_What the task requires:_
Please repeat only the lines below starting at the line that holds "在杭州居游十五载,飞来峰的山" and ending at the line that holds "Yarn Recommendation: The", exactly, with both of those lines included and every picture omitted.

_Data:_

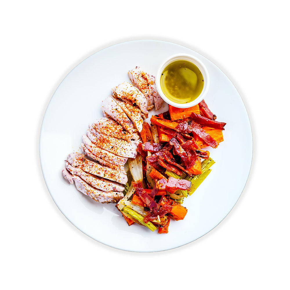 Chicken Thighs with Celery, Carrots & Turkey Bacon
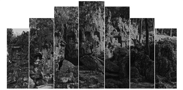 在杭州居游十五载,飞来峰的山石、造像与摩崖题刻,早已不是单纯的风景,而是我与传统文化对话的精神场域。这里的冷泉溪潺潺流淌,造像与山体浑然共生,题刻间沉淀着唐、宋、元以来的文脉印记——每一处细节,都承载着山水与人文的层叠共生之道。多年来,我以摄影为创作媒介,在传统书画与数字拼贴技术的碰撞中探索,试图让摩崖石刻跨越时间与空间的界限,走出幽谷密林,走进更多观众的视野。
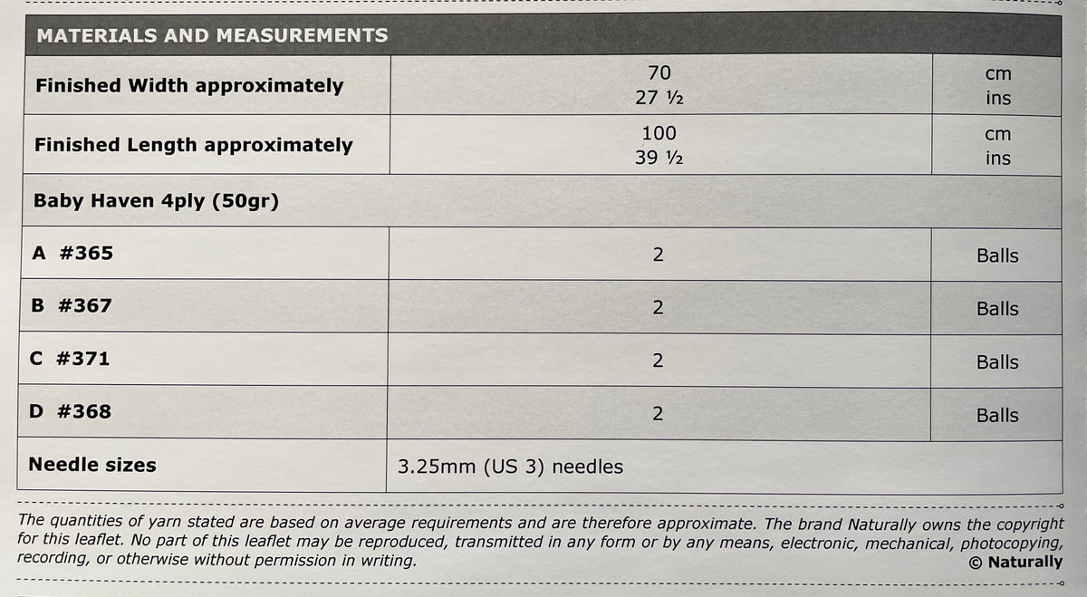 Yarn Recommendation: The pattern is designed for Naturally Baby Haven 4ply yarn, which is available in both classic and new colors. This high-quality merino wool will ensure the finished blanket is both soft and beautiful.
---
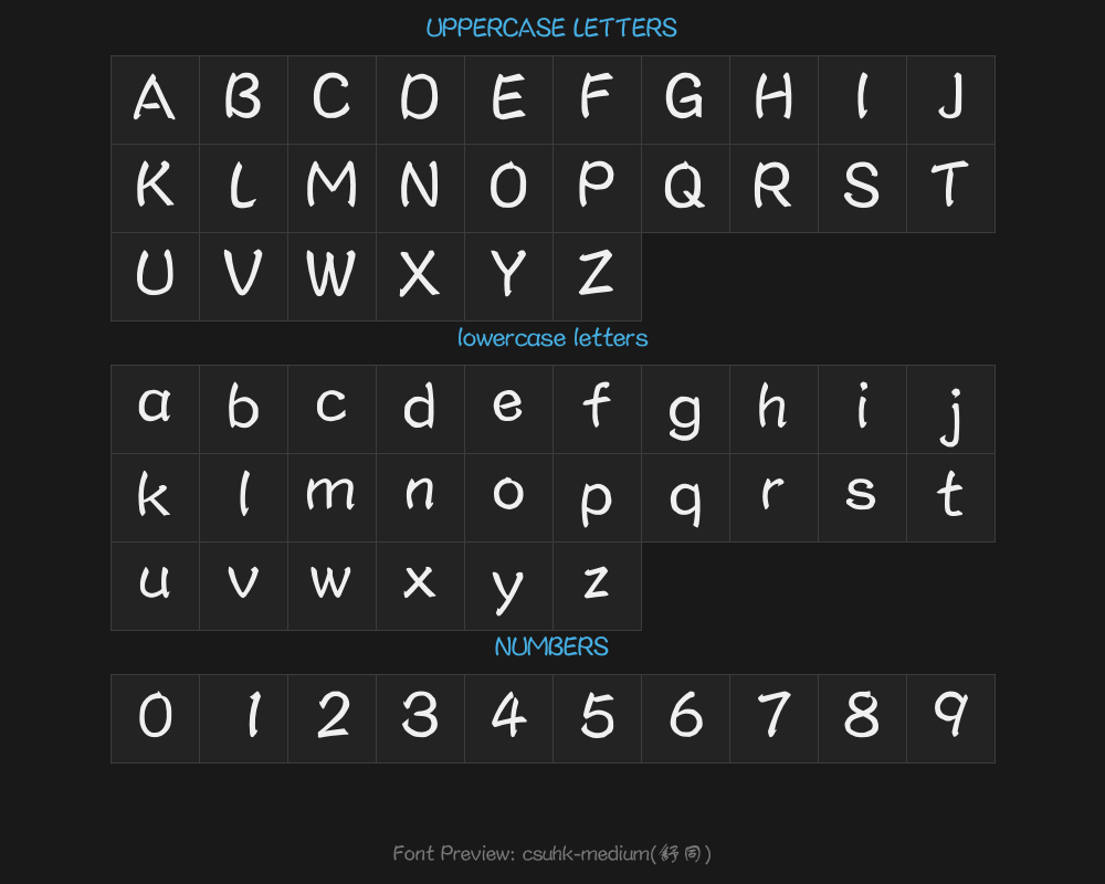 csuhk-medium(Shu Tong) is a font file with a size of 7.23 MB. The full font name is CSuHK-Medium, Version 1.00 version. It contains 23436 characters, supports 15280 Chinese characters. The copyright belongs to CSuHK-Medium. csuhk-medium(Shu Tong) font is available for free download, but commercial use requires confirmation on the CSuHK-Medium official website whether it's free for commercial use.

_Answer:_
 在杭州居游十五载,飞来峰的山石、造像与摩崖题刻,早已不是单纯的风景,而是我与传统文化对话的精神场域。这里的冷泉溪潺潺流淌,造像与山体浑然共生,题刻间沉淀着唐、宋、元以来的文脉印记——每一处细节,都承载着山水与人文的层叠共生之道。多年来,我以摄影为创作媒介,在传统书画与数字拼贴技术的碰撞中探索,试图让摩崖石刻跨越时间与空间的界限,走出幽谷密林,走进更多观众的视野。
 Yarn Recommendation: The pattern is designed for Naturally Baby Haven 4ply yarn, which is available in both classic and new colors. This high-quality merino wool will ensure the finished blanket is both soft and beautiful.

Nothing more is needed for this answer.